*Work required*
Once the line containing "En la presentación, Walser" is found in the entries below, reproduce it and every line after it, stopping at and including the line containing "Uhr (h = 86,1°) |"; reproduce nothing else, and keep each line exact.

*Data*
════════════════════
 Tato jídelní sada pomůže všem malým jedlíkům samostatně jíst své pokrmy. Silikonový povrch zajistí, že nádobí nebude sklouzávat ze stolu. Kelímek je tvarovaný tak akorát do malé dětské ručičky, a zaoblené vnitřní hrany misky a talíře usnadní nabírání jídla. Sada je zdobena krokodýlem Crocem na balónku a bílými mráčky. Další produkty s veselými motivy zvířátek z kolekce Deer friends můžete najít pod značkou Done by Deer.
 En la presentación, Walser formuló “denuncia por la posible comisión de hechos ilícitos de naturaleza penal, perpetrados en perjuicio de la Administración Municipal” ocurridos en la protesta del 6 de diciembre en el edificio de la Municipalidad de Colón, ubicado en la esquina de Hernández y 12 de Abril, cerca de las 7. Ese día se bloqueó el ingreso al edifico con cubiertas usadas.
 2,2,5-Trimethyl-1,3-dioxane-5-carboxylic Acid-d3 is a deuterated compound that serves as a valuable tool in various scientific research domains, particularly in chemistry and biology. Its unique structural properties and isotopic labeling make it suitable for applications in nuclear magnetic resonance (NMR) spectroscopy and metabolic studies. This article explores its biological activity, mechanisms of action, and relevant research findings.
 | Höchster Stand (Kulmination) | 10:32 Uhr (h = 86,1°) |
════════════════════
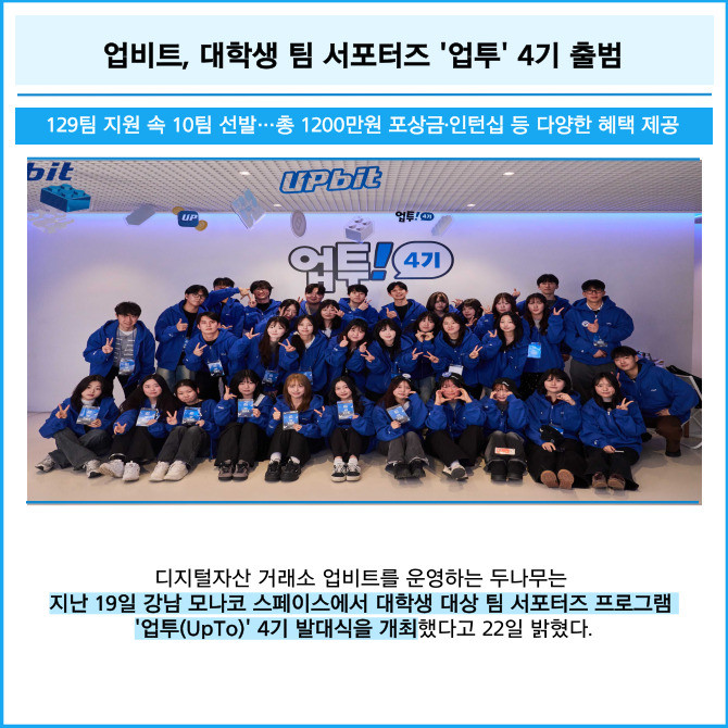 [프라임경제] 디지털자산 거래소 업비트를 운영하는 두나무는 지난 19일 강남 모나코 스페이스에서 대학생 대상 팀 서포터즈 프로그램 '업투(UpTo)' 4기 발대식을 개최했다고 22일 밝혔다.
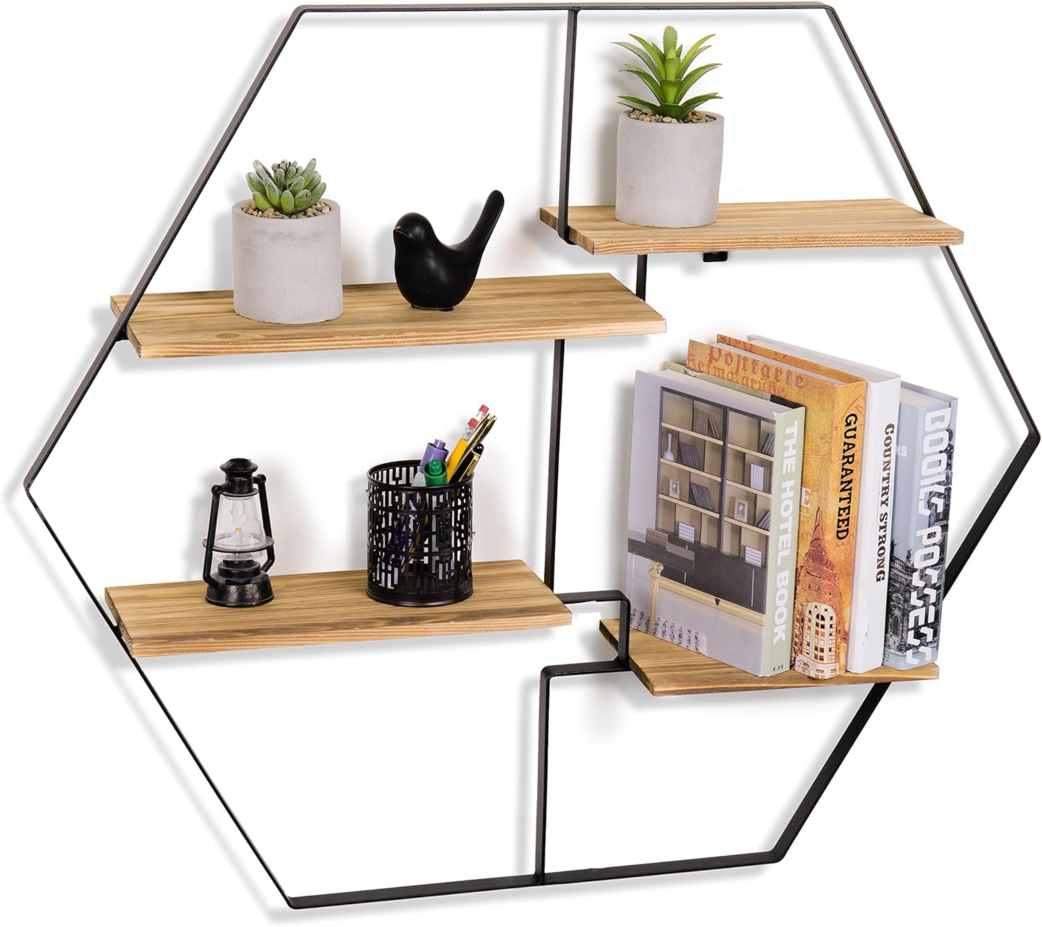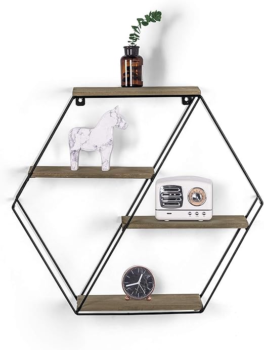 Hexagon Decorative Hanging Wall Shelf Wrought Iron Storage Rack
════════════════════
*Response to the exercise*
 En la presentación, Walser formuló “denuncia por la posible comisión de hechos ilícitos de naturaleza penal, perpetrados en perjuicio de la Administración Municipal” ocurridos en la protesta del 6 de diciembre en el edificio de la Municipalidad de Colón, ubicado en la esquina de Hernández y 12 de Abril, cerca de las 7. Ese día se bloqueó el ingreso al edifico con cubiertas usadas.
 2,2,5-Trimethyl-1,3-dioxane-5-carboxylic Acid-d3 is a deuterated compound that serves as a valuable tool in various scientific research domains, particularly in chemistry and biology. Its unique structural properties and isotopic labeling make it suitable for applications in nuclear magnetic resonance (NMR) spectroscopy and metabolic studies. This article explores its biological activity, mechanisms of action, and relevant research findings.
 | Höchster Stand (Kulmination) | 10:32 Uhr (h = 86,1°) |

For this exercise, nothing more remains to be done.